I have begun to have the experience lately of making connections while reading.  I receive a lot when reading, like my mind is working parallel-ly.  I don’t think that’s a word, but that’s what it’s doing.  It’s like my thoughts are moving around and I’ve learned to just let them, then within 20 minutes I’ll read something in the book that “validates” my thoughts, and solidifies them and confirms them. I feel I need to insert an example here.  Because it sounds like I’m talking about what’s going on in the book, but it’s not.  This is when I first made the connection – I had an overwhelming feeling that someone in my life that I am connected to spiritually but not physically had died.  In a short amount of time (within a few hours in the morning)  I had a few different indications and “pings” that kept telling me this was true.  So I told myself that if someone in the book died in the next few pages, then my thoughts would be confirmed.  And I almost thought that as a joke because the book I was reading was an autobiography and there wasn’t any chance at all of anyone dying in it.  I actually thought, ha ha, that’s not going to happen, almost tauntingly.  But after having the thought, and dismissing it as silly, on the next page a completely peripheral character that had only been mentioned once in the beginning of the book died.  It takes a lot to freak me out, but that did it.  It was so specific, the timing was exact.  I couldn’t deny it, or the feeling that reading those words brought up for me initially, followed by indescribable feelings of love, calm and peace.  I don’t even have a way to find out if this person had died, and it doesn’t matter.  I know,  I was shown, and it’s ok.  I’ve learned that sometimes you get answers without getting all the details and that’s ok.  It has to be ok.
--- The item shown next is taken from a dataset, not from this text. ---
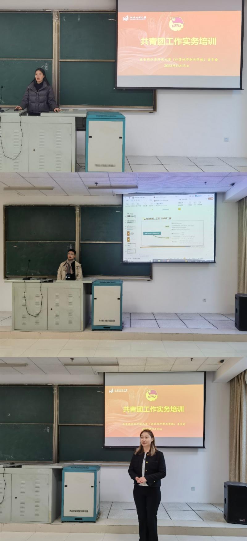 11月13日中午,我校2023年新生团干部培训班第三课于应天校区教学楼203教室顺利开讲,校团委潘宁、冯帅和董安琪老师为大家讲解基层团支部工作实务,团干部培训班全体学员参加。

This new occurrence of receiving while reading is funny because to read I actually have to sit down for a little bit and that’s hard for me.  But, this has become a valid tool for me, so I acknowledge it and accept it.  So that brings me to today’s topic at hand – the dark night of the soul.  Actually, it seems my son wants french toast, so this post will have to be continued.  But this is the beginning of understanding my duality, something I’ve had on my mind so much lately, why it is that I work in the light, but am drawn to the dark.  I’ve been given a key – through words in the pages of a book.

I’ve been given lots of keys lately, through books, people, relationships, conversations.  Things are clicking, cogs turning.  I feel like an animal running on all fours, gaining speed.  Actually, that’s a recurring dream I sometimes have – I’m an animal running, feeling like I’m grabbing at the ground and pushing it away as I run to gain momentum.  The feeling that comes with it is wild, free, gaining and expanding.  I love it when I feel that way in real life.  It feeds me.